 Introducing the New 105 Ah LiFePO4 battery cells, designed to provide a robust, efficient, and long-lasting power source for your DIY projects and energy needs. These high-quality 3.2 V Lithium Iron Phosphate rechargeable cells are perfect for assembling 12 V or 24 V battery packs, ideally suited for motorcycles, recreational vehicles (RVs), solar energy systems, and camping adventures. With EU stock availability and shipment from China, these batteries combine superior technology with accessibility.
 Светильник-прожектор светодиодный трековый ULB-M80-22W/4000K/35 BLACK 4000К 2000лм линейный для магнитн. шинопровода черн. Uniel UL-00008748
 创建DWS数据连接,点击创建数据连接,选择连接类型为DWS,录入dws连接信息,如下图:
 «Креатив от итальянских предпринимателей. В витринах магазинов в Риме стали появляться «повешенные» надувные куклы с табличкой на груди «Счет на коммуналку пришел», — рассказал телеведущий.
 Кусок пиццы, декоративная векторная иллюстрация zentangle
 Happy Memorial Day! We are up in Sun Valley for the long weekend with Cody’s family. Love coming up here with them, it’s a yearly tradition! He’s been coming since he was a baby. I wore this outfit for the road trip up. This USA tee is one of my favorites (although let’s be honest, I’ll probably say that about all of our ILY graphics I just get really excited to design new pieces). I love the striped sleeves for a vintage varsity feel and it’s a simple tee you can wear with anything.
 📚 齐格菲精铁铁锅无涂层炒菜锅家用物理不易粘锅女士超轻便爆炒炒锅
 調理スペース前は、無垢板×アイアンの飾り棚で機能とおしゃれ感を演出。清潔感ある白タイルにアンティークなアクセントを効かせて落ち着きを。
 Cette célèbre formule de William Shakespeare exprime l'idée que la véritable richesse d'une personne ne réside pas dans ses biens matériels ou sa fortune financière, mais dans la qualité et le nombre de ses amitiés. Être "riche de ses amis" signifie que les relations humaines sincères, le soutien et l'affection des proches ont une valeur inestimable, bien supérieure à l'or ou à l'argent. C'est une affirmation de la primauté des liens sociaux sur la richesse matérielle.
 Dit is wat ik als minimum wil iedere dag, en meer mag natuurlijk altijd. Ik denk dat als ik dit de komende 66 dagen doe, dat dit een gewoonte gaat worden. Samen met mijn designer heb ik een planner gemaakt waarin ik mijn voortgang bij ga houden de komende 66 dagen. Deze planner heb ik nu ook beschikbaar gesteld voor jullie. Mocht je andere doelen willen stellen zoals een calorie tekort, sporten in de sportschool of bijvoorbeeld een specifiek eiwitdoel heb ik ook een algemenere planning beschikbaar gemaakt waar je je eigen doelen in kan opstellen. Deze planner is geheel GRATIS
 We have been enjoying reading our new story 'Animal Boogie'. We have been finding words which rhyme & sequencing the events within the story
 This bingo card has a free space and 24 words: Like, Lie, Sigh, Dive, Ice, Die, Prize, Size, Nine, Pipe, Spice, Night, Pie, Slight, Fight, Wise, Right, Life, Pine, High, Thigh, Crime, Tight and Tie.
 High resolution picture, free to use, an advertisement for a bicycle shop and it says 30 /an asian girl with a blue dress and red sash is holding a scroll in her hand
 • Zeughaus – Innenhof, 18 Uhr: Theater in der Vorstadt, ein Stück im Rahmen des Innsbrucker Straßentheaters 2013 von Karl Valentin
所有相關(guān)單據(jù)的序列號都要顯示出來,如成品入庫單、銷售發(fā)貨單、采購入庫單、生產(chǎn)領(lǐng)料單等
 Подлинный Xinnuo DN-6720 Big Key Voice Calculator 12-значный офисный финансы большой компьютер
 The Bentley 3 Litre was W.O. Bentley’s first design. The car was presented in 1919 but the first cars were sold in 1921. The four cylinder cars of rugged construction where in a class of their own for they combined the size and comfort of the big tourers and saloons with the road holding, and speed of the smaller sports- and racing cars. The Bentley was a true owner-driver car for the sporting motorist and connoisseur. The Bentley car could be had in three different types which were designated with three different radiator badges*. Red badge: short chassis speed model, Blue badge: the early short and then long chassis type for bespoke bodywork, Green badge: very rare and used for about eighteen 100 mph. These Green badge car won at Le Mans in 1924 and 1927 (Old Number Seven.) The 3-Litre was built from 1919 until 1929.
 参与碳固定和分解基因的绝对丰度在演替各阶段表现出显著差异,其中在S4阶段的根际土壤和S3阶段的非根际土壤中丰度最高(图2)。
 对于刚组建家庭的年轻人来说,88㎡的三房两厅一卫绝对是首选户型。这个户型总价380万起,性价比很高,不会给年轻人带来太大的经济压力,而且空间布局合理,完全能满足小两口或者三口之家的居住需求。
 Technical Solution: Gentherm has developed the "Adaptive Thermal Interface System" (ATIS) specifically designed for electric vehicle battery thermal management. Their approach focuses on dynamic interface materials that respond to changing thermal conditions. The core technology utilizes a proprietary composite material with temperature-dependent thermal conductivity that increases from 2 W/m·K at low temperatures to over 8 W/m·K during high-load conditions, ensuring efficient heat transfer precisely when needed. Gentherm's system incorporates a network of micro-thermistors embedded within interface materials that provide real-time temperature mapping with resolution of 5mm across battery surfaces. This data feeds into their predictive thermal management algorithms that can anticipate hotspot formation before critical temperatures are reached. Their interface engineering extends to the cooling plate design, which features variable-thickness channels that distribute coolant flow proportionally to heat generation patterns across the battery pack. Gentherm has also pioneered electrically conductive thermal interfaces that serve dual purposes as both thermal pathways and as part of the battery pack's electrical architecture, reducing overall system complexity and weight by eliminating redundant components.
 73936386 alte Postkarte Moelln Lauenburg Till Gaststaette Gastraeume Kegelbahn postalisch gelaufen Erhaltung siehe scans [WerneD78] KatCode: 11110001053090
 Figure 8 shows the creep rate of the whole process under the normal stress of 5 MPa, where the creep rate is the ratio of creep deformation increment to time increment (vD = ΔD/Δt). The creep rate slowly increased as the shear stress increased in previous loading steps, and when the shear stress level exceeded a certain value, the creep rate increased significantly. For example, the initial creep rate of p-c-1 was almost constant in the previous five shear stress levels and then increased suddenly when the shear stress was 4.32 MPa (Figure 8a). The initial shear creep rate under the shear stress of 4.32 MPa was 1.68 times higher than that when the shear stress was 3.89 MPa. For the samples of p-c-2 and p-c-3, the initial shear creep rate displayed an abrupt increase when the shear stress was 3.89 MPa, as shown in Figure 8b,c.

• _What you need to do_: A line belongs in the answer if it contains the word "These"; copy every such line from the data above.

• _Final answer_:
 Introducing the New 105 Ah LiFePO4 battery cells, designed to provide a robust, efficient, and long-lasting power source for your DIY projects and energy needs. These high-quality 3.2 V Lithium Iron Phosphate rechargeable cells are perfect for assembling 12 V or 24 V battery packs, ideally suited for motorcycles, recreational vehicles (RVs), solar energy systems, and camping adventures. With EU stock availability and shipment from China, these batteries combine superior technology with accessibility.
 The Bentley 3 Litre was W.O. Bentley’s first design. The car was presented in 1919 but the first cars were sold in 1921. The four cylinder cars of rugged construction where in a class of their own for they combined the size and comfort of the big tourers and saloons with the road holding, and speed of the smaller sports- and racing cars. The Bentley was a true owner-driver car for the sporting motorist and connoisseur. The Bentley car could be had in three different types which were designated with three different radiator badges*. Red badge: short chassis speed model, Blue badge: the early short and then long chassis type for bespoke bodywork, Green badge: very rare and used for about eighteen 100 mph. These Green badge car won at Le Mans in 1924 and 1927 (Old Number Seven.) The 3-Litre was built from 1919 until 1929.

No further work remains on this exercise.